Have you ever heard of Lefty Frizzell? Lefty (a huge influence on Merle Haggard) was a ‘60s honky tonker with one of the most unique, lilting voices in the industry’s history. While covered by many artists, his version of the macabre “The Long Black Veil”, told from the perspective of a man who hangs to protect the honor of his best friend’s wife, just sends me.

But sometimes late at night, when the cold wind blows,

In a long black veil, she cries o’er my bones.

She walks these hills in a long black veil.

She visits my grave when the night-winds wail.

Nobody knows.

Nobody sees.

Nobody knows — but me.

If that’s a little too heavy, try some Roger Miller. One of the great singer/musician/songwriters of all time, the King of the Road’s masterpieces are primarily side-splitters such as “Kansas City Star,” a romp about a guy getting a job offer from Nebraska but having to turn it down because he’s a huge hit in Kansas City — as a kiddie-show cowboy.

Kansas City star, that’s what I are.

Yodel-e-de-lay-de, you ought to see my car.

Drive a big ol’ cadillac with wire wheels, rhinestones on the spokes.

I got credit down at the grocery store and my barber tells me jokes.

I’m the number one attraction at every supermarket parking lot.

I’m the king of Kansas City, no thanks Omaha, thanks a lot.

Stay tuned, we’re going to have a Popeye cartoon in a minute.

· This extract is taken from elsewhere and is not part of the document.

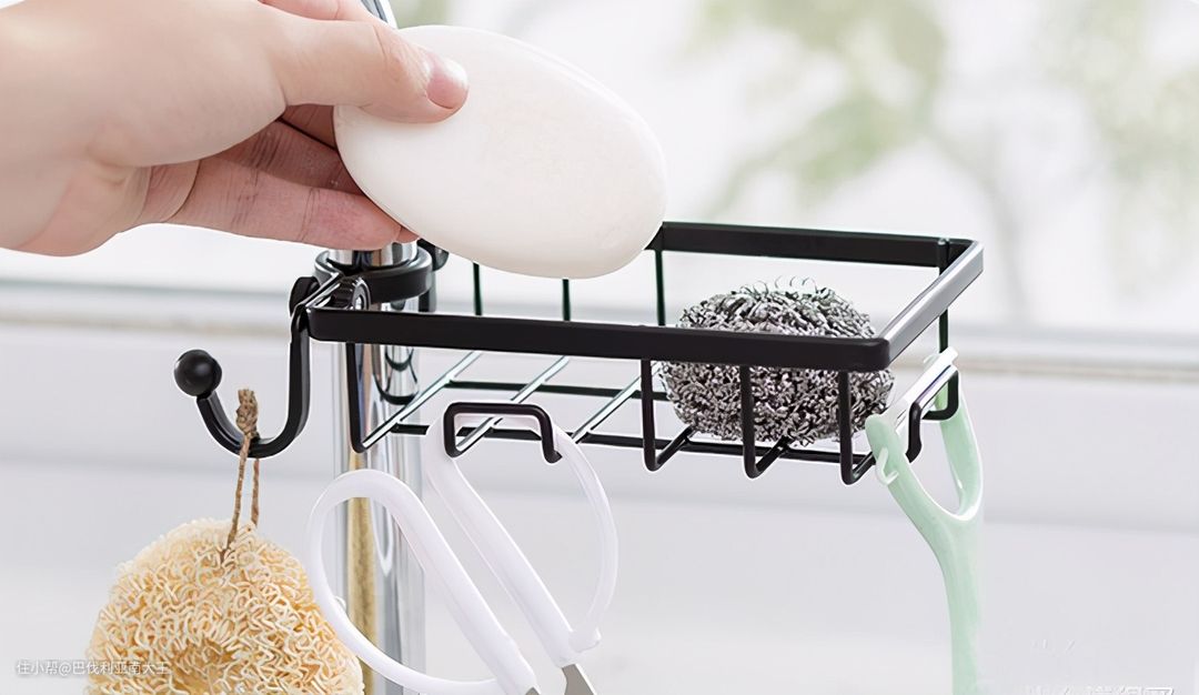 还有这个免打孔的沥水置物架,只要是圆柱形的水龙头都能固定住,加厚的铁艺材质结实又实用!主体边缘还有5个挂钩,可收纳一些厨用配件,卫生间的沐浴杆也可以用到它,省地方还美观大方。

Or maybe just a simple love song, like “I’m Wanderin’.’” There’s nothing particularly outstanding about the lyrics, typical ‘50s angst-ridden lost-love song stuff, but there’s nothing ordinary at all about Jackie Wilson’s performance. Displaying his incredible power, range and control, “I’m Wanderin’” to me ranks as one of the greatest male vocal performances ever laid on vinyl. Nothing was left in the studio. He didn’t just sing the notes, he became them. Know what I mean? Jackie became the song, and the song became Jackie.

There’s a simple noun for that phenomenon — artistry.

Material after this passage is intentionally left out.